ROCKFORD, Illinois — Hall of fame coach Phil Jackson once said, “The strength of the team is each individual member. The strength of each member is the team.”
On the campus of Auburn High School on the west side of the corps’ hometown, Phantom Regiment members were putting that idea into action. As they gathered for their final off-season rehearsal camp at the end of April, the notes on the page mattered, sure, but the bonds they were building mattered even more.
“There's a crazy energy — It's electric,” Regiment horn sergeant Joshua Jones said about his fellow corps members. “Everybody is giving energy back to each other. Everybody's having genuine conversation. It's not stale small talk.”

Corps members rolled into Rockford on Friday evening, April 25, lugging their backpacks, sleeping bags, wire music stands and binders. Over the next 48 hours, the Regiment brass, percussion, and color guard sections came together — some for the first time since early winter — to rehearse, to learn and to figure out how to become a team. According to visual staff member Ivan De La Cruz, there’s a process in place to help make that happen.
“We often say, ‘You need to go meet someone new at the water break. You need to sit with someone new over here,’ because (that process) is building that culture of them really being one unit,” De La Cruz said, “It’s not a horn line, a color guard, or a drum line — it's a drum corps."
“Everybody wants to get to know each other,” Jones added. “Everybody wants to collaborate together in this show that we're going to perform.”

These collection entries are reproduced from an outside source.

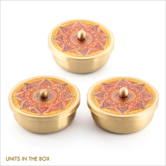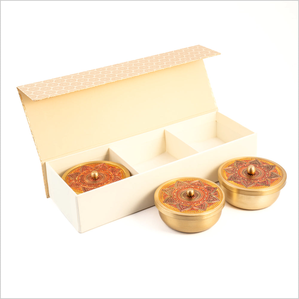 A set of three pure brass containers featuring finely etched surfaces and bright festive enameling. Each piece is a tribute to Indian craftsmanship and is perfect for storing dry fruits, sweets, or even home trinkets. The gold-gilded magnetic box enhances the product’s luxurious appeal while ensuring practicality in storage and display.
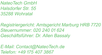 Durch den Einsatz von Cookies kann die NateoTech GmbH den Nutzern dieser Internetseite nutzerfreundlichere Services bereitstellen, die ohne die Cookie-Setzung nicht möglich wären.
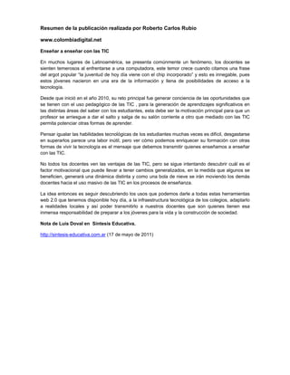 El documento presenta tres resúmenes de artículos sobre el uso de las TIC en la educación. El primero discute los desafíos que enfrentan los docentes al integrar las TIC en sus clases, como la falta de capacitación adecuada. El segundo propone que la prudencia es un concepto clave para enseñar sobre el uso responsable de la tecnología. El tercero analiza la importancia de seguir una "ruta crítica" que guíe la selección y uso pedagógico de medios digitales en las aulas.

Even before the April rehearsal weekend, Jones said that Regiment members stayed connected through regular video assignments and virtual check-ins, helping them maximize their limited time together at in-person practices. The horn line has had access to all the music for this year's yet-to-be-revealed production for several months, and over the weekend, both brass and percussion sections worked through each movement of the show during sectional and full-ensemble rehearsals.

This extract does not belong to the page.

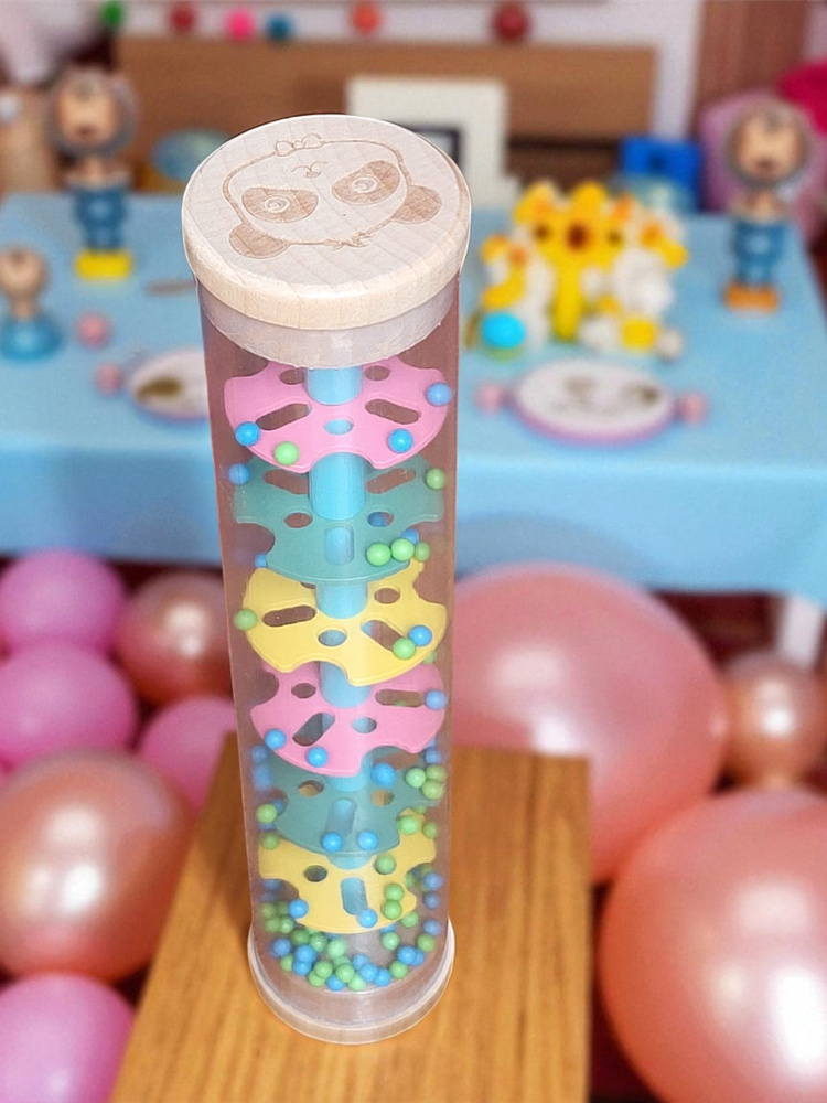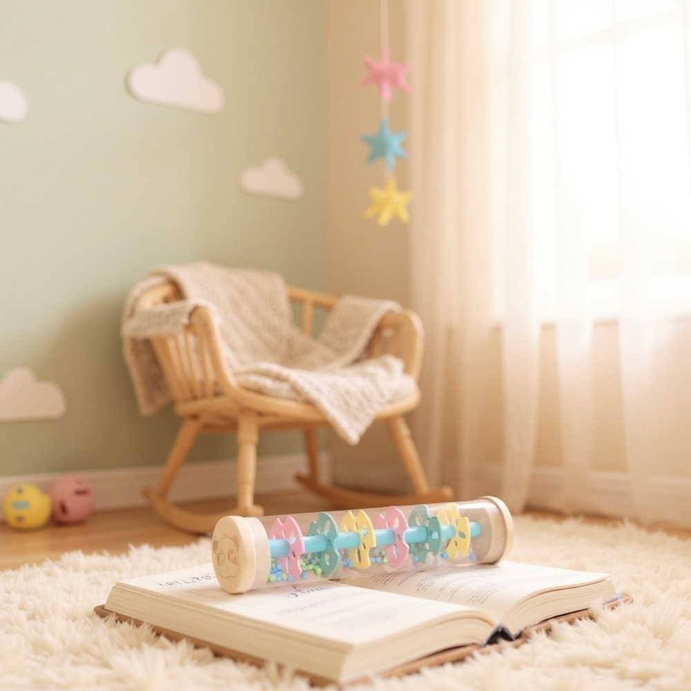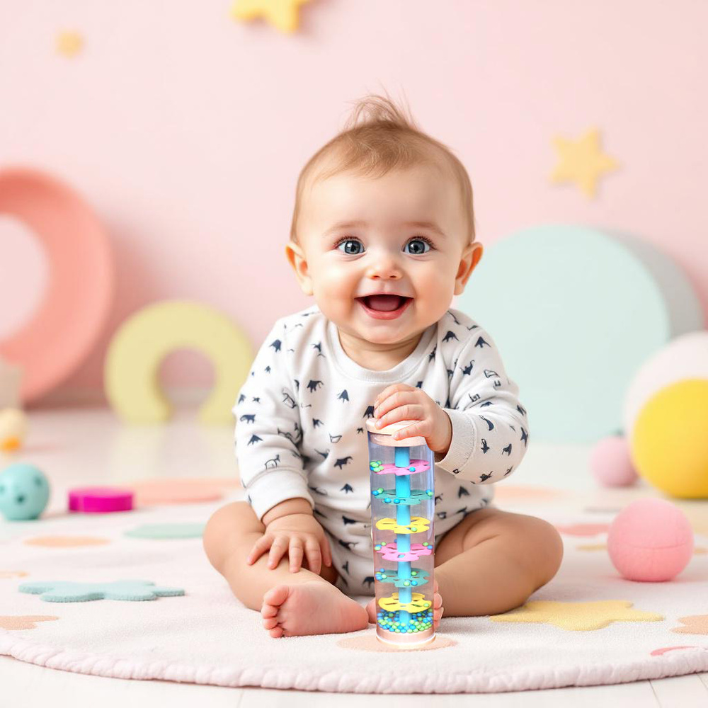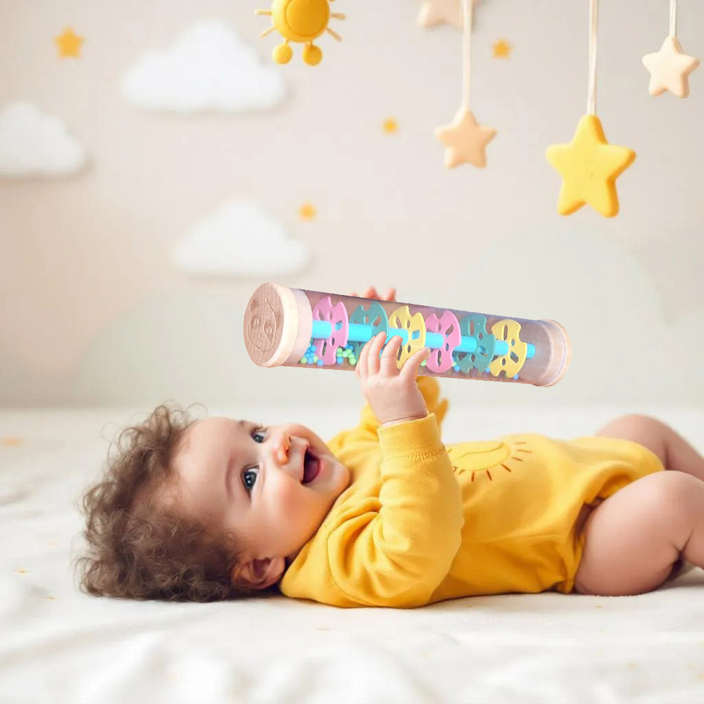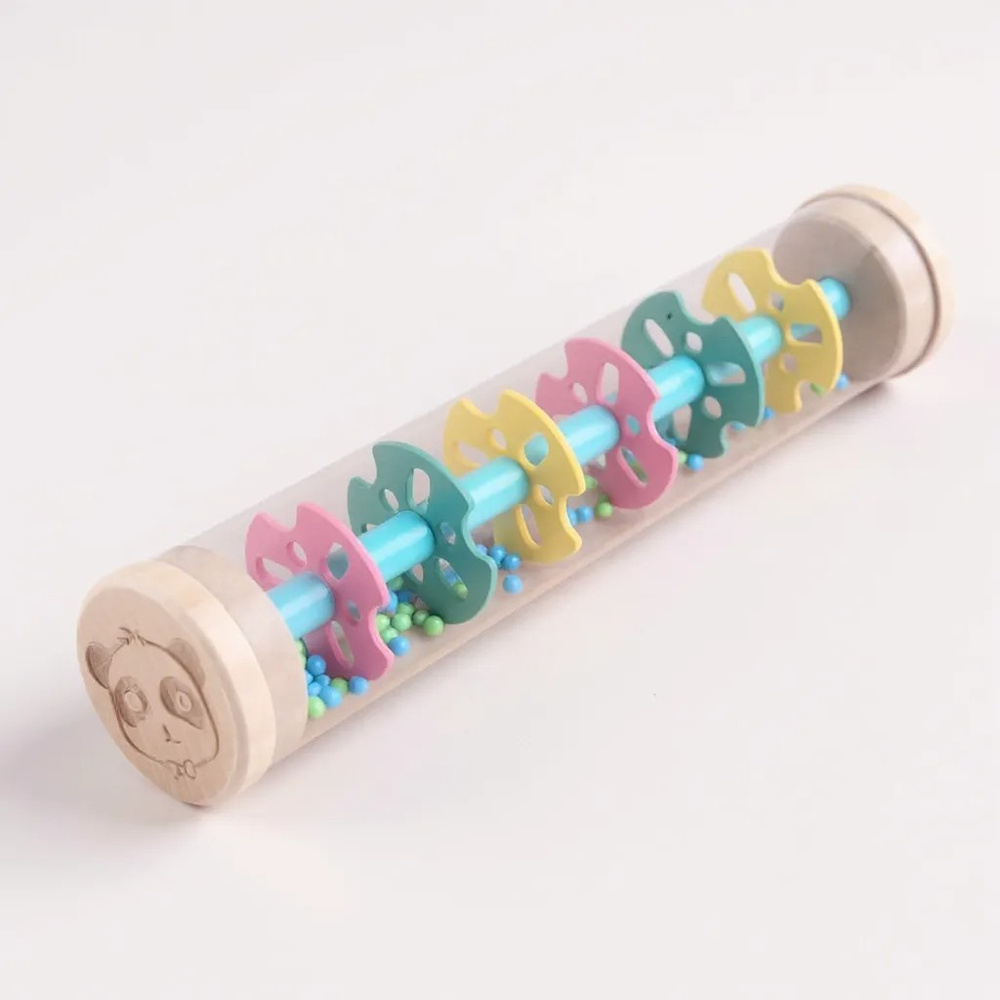 • Efekt "deszczowy": przesypujące się kuleczki w tubie imitują dźwięk deszczu, co działa kojąco i przyciągająco dla maluchów.

For the color guard — whose members often take time off over the winter to perform with independent winter ensembles — the April camp also served as a major checkpoint. Alongside learning flag and rifle work and choreography for the corps' production, performers continued auditioning for a spot in the final 2025 roster before “spring training” kicks off at the end of May.
New hopefuls and seasoned veterans, each wearing numbered bibs pinned to their rehearsal gear, were called out from the gymnasium bleachers in small groups. From the top rows, staff members evaluated each performer's movements, making careful notes to determine the strongest collective section to take the field this summer.
“This is an extremely talented group,” fourth-year color guard section leader Jocelyn Wallen said. “It's going to be a really special year.”

Phantom Regiment enters 2025 with momentum on its side. Following 2020’s COVID shutdown, the corps’ retool of its 2003 “Harmonic Journey” production for 2021’s exhibition season rekindled the hearts and minds of drum corps fans across the country. Since then, the group has steadily improved, with rising competitive finishes in 2022, 2023, and most recently in 2024, when Regiment finished in fourth, its highest placement in more than a decade.
But before anyone can dream of marching back into Lucas Oil Stadium for the DCI World Championship and the conclusion of the 2025 summer tour, there are countless reps to log, thousands of miles to travel, and tens of thousands of fans to entertain along the way.
For Phantom Regiment members, the energy is tangible. A "can't-wait" attitude is filling every rehearsal block and every conversation as they anticipate the summer season ahead.
“I'm looking forward to being back and performing under the stadium lights,” Wallen said. “I don't think that I could get this feeling that I get performing anywhere else except for the Phantom Regiment. I feel like we're going to hit the ground running, and we're only going to go up from here.”